OK, sorry. Talk soon xx, I type back quickly. It's seen five minutes later.
I secretly hope for an acknowledgement back, preferably in the form of a kiss, but I'm not surprised when I don't get one. She's out with her friends, so I'm not really expecting a response.
I stand up, run excitedly towards the pool and fling myself into the deep end with a flourish, laughing out loud under the water so the sound distorts into some sort of robotic hysteria; I feel as though finally we might just be getting somewhere.
This latest development serves as motivation for another hour's swimming, after which I haul myself out of the water, wrap myself in a towel and collapse on a sunlounger, tired but happy. I snooze for a hour in the shade and wake up mid-afternoon feeling better than I have done in weeks. I reach for my phone, but there is nothing new from Jess.
I remember back to my conversation with Louis backstage, and his point that she hadn't said no to staying friends. In fact, now I think about it, she didn't really answer me at all.
Feeling reckless, I type out another text to her, and press Send before I can change my mind.
You never answered my question about staying friends? :) x
I'm not anticipating a reply from her very soon considering she is on a night out, so I am surprised when a text comes through about ten minutes later.
Yes I did. And I don't wish you any bad feeling, but I don't see the point in keeping in touch. It's not like we're going to meet up for coffee. Better all round if we both just move on.
My heart begins kicking a nervous beat as disappointment creeps through my veins. Her tone seems different to earlier; there are no kisses, and her words come across as firm and final. Does she really want me out of her life for good? Why wouldn't we meet for coffee if we stayed friends?
I think back to March when I met her after work in the Costa opposite her office. It would be good to do that again. It would be good just to lay eyes on her again, no matter what the circumstances.
I hadn't been planning on asking her to meet me quite this soon - I'd been hoping to build things up slowly and regain a bit of her trust. But seeing as she has mentioned it, I feel I have no option but to bring it up. Here goes...
I was hoping maybe we could? Meet up for coffee, I mean x
Does that sound pathetic and desperate? Fuck.

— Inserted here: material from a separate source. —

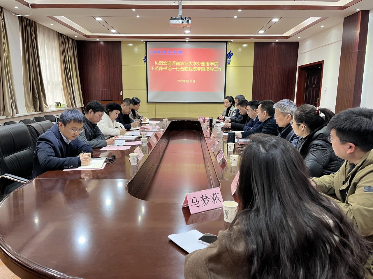 本网讯(审稿:王启佩 供稿:冯超)2月22日上午,院党委书记王燕萍带领班子成员、党政办和团委相关负责同志赴华北水利水电大学能源与动力工程学院考察交流。华北水利水电大学能源与动力工程学院党委书记孙垦、学院班子成员、各教工党支部书记、团委书记及组织员参加活动,座谈会由孙垦主持。

The message is read almost immediately, and my heart jumps as I see the bubbles dancing. I barely have time to consider whether an immediate reply will be a good thing or a bad thing before it pops up.
Why?
It's not a no. IT'S NOT A NO!
I type back as quickly as I can, eager not to lose her while she is engaging with me. I make numerous typos and spend longer hitting backspace and correcting my mistakes than I do actually typing the message.
Just thought it would be good to catch up. I'll be home in August, I was hoping maybe I could see you x
I wait with bated breath for her reply, my stomach in knots. The bubbles appear and I watch the screen while she seals the fate of our relationship in one hundred and sixty characters.
Sorry, but I don't think that's a good idea. Enjoy your time off though, and I hope the US dates go well.
And with a new stab of misery, we're back to square one.